::: Given material :::

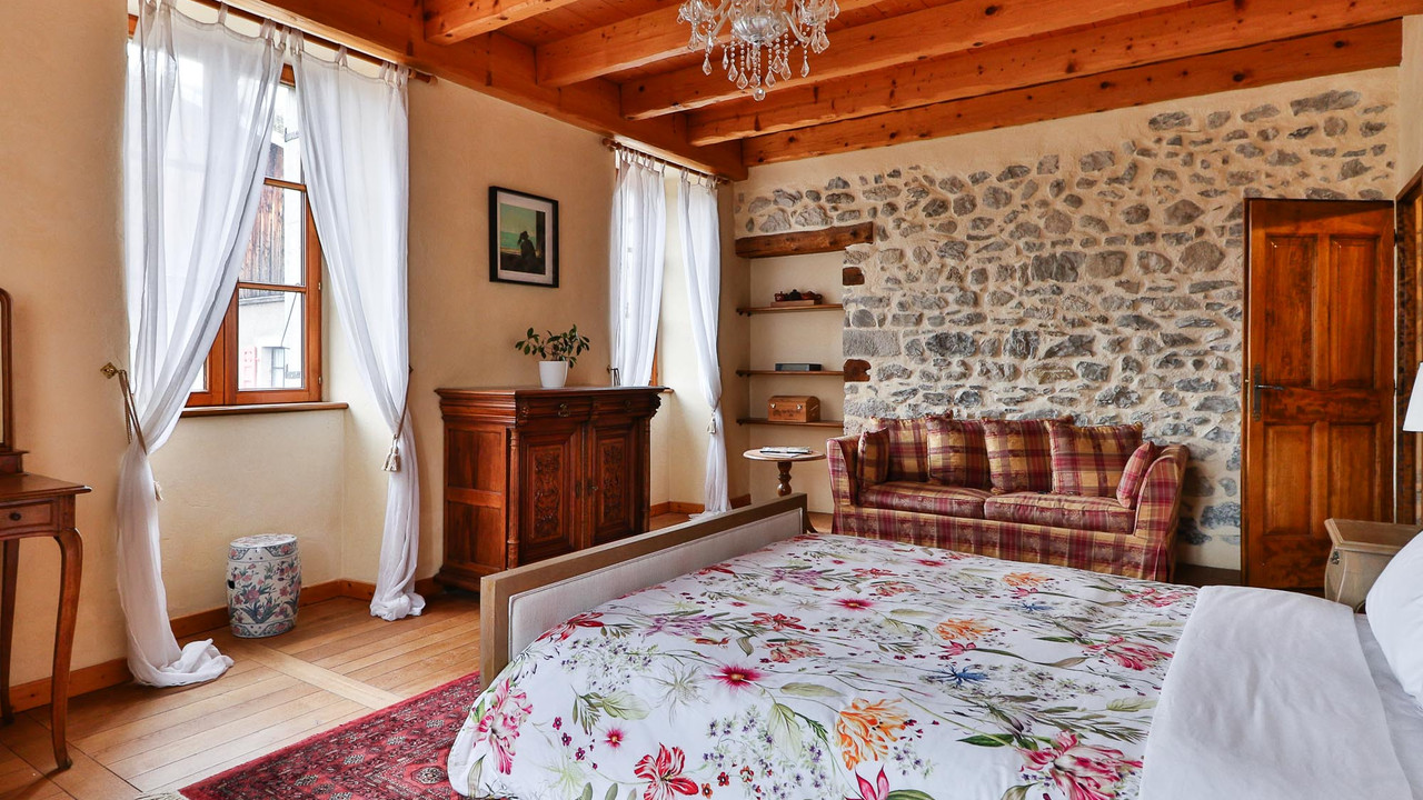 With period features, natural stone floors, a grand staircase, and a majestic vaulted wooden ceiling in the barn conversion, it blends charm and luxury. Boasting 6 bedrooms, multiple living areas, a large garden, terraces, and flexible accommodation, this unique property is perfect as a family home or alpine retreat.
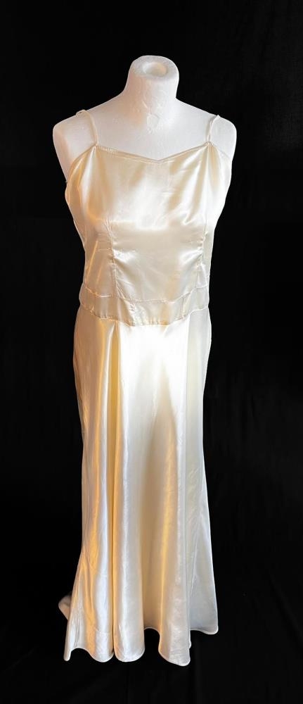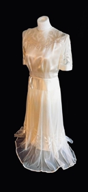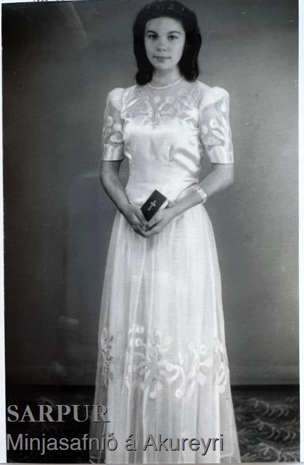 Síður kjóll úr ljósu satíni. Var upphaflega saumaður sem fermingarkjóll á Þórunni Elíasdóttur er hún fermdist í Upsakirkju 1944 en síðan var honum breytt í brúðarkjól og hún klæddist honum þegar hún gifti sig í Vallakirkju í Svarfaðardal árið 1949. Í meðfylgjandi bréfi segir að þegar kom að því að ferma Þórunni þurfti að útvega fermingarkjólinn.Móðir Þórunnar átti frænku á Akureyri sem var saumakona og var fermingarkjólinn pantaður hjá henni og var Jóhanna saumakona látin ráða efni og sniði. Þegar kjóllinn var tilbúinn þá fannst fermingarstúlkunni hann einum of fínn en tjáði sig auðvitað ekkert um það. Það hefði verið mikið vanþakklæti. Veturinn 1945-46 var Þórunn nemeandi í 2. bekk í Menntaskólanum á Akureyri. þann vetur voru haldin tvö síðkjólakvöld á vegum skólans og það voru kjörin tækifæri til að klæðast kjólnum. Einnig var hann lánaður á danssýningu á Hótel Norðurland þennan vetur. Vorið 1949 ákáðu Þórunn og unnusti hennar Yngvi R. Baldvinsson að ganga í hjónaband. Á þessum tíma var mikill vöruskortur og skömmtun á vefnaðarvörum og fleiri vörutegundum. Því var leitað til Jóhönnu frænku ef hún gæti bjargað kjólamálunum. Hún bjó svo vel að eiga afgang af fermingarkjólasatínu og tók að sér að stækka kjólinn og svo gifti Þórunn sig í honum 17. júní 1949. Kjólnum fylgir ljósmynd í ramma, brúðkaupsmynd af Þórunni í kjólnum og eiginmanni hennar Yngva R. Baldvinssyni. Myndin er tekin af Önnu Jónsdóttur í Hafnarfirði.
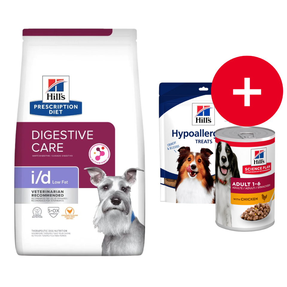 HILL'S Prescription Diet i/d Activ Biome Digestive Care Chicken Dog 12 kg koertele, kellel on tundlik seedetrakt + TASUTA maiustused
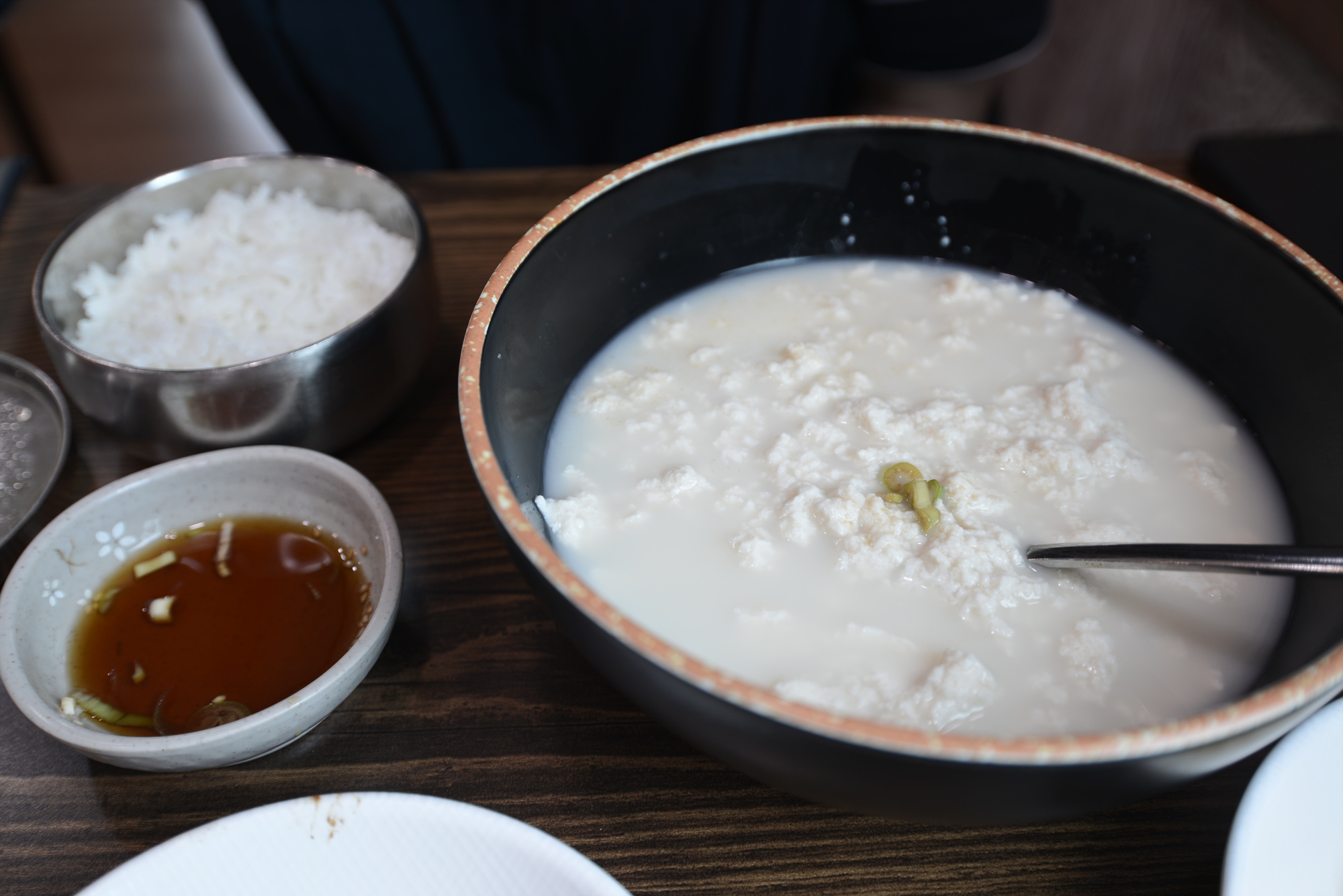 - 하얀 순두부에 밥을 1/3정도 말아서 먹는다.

:::

Work instruction
Your reply should consist solely of the lines from the line containing "HILL'S Prescription Diet" through the last line of the listing, unchanged and free of pictures.

Task result
 HILL'S Prescription Diet i/d Activ Biome Digestive Care Chicken Dog 12 kg koertele, kellel on tundlik seedetrakt + TASUTA maiustused
 - 하얀 순두부에 밥을 1/3정도 말아서 먹는다.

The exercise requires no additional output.